Event Routers: Routing services an be implemented with SQS, SNS, MSK, Step Functions and EventBridge. Event routers create the path and flow for each of the messages within an Event-driven architecture bases solution.
By decoupling producer and consumer services, independent scalability, updates and deployments can be achieved. This aids in improving cost implications and improving performance. If an event producer creates an event, this reduces the wait time as they do not have to be aware of the eventual work required to process the event. The event producer does not have to wait for the event to be fully processed and can rely on the concept of Eventual Consistency. Essentially, eventual consistency guarantees that if no new events are produced for a given data item it will eventually settle to its expected value.
Key benefits of an Event Driven Architecture
Event-driven architectures promote loose coupling between publishers and subscribers. Event subscription and routing is independent of the actual producers and consumers. A decoupled approach allows you to develop features faster by removing complexity.
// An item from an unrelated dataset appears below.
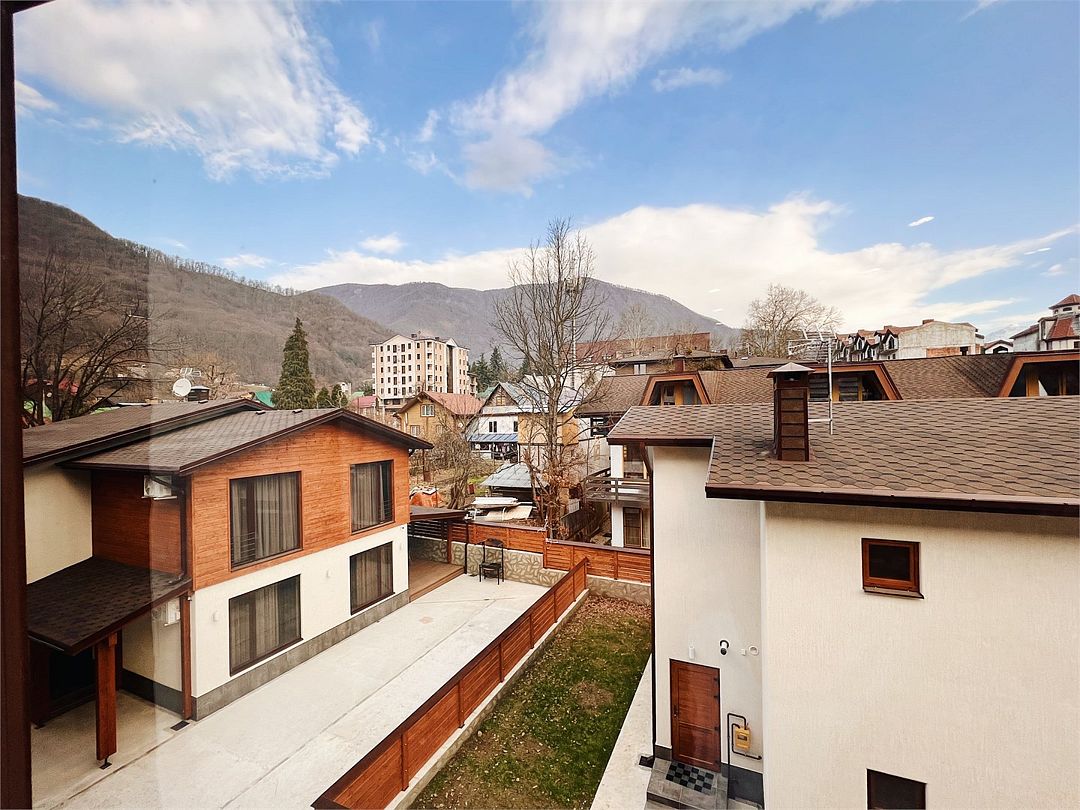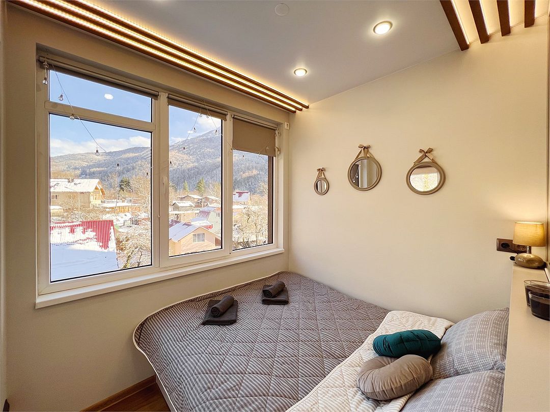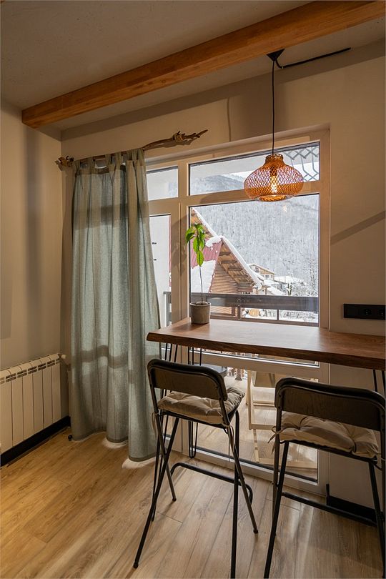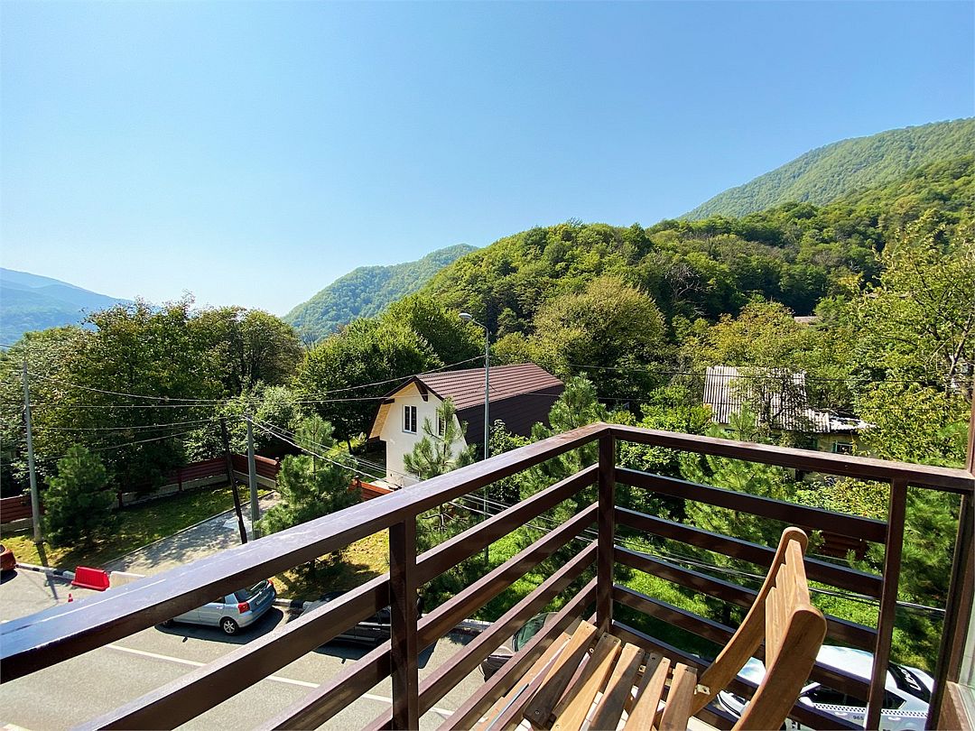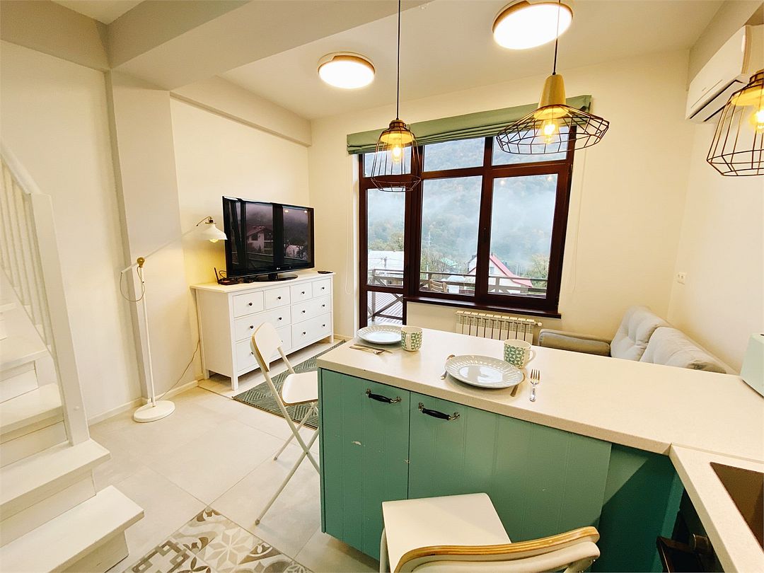 Новая двухэтажная уютная квартира-студия с кухней-гостиной на первом этаже и спальней на втором. Максимальный комфорт и все необходимые удобства. Очень крутой панорамный вид на горы! На первом этаже — раскладной двухместный диван. На втором — спальная с большой двухэтажной кроватью, уютным рабочим местом и санузлом. Вся необходимая техника. Отличное расположение в центре Красной Поляны: остановка ски-баса — 200 метров. На первом этаже отличная столовая и Сбербанк. Все остальное тоже рядом.Услуги и удобства

Event-driven architectures are push-based which removes the need for continuous polling to check for events. This means that there is less network bandwidth consumption, less CPU utilization, less idle fleet capacity, and less SSL/TLS handshakes. There is less capacity guessing involved
Scale and fail independently
In an event driven architecture, the services are not aware of one another. They are only aware of the events they receive. This allows each service to scale independently and not be affected by the load that other services are undergoing. This means that resource sizing is not an issue. The system will scale as it requires and will adjust dynamically as required.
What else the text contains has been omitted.